さすがに自分の知らない奴だと答えられたらこれ以上催促することは出来ないだろう。仮に「そいつは誰だ」と聞かれても、そこまで答える道理はない。
「じゃあね」呆然と立ち尽くすオビトにオレは背を向けた。一瞬だけ窺えたオビトの顔はまだ納得できない表情だった。案の定、背後から「おい待てよ」とオレを引き止める声が聞こえる。結局、何を答えてもアイツは黙ることはない。これ以上会話を続けても時間の無駄なので、今度こそオレは何も言わずに歩き出した。

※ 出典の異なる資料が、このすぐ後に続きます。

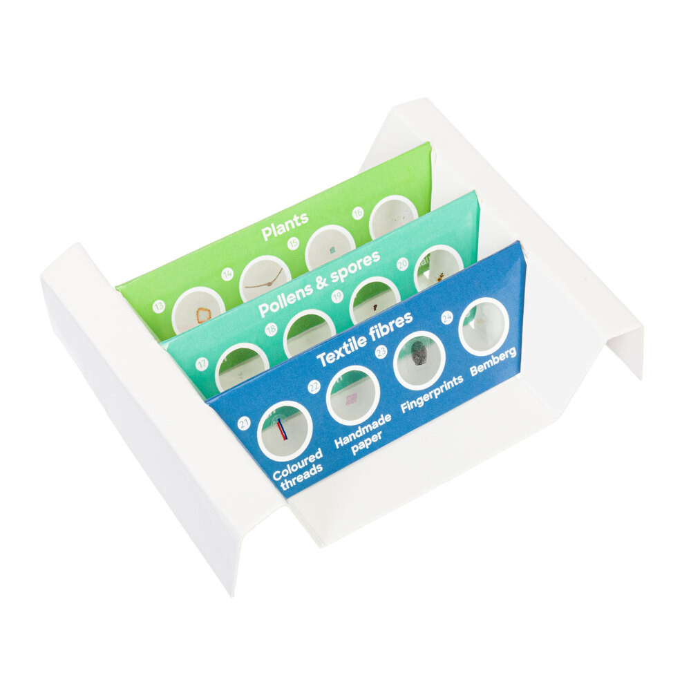 Az összes minta három csoportba osztható kategóriák szerint. Az egyik tárgylemez egyike annak a csoportnak, amely négy mintát tartalmaz. Minden minta fel van címkézve, hogy könnyen megtalálhassa azt, amelyiket tanulmányozni szeretné. Ez a készlet kiváló kiegészítő minden alacsonyabb megvilágítású biológiai mikroszkóphoz, beleértve a gyerekeknek készült modelleket is. A tárgylemezek bármilyen márkájú mikroszkóppal használhatók.

昇降口に着いてまず探してしまうのは、彼女の後ろ姿だった。彼女の定位置は日が当たらないあの小さな片隅。いつもそこで彼女はオレの帰りを待っている。少しばかりの優越感に浸りながら、今日もオレはその場所に目を向けた。

ーーだが、彼女の姿はなかった。

慌てて靴を履き、外へ出て彼女を探す。しばらく辺りを見回してみたが、見慣れた後ろ姿はどこにも見当たらない。何故。どうして。いつもならどんなに帰りが遅くたってそこで待っているはずなのに。焦りと暑さで背中からジワリと汗を掻く。夏の生温い風が余計に暑さを加速させ、不安を煽らせた。

当たり前が、当たり前ではなくなった。

ずっとこのままでもいいと思っていた彼女との関係が、少しだけ変わり始めた瞬間だった。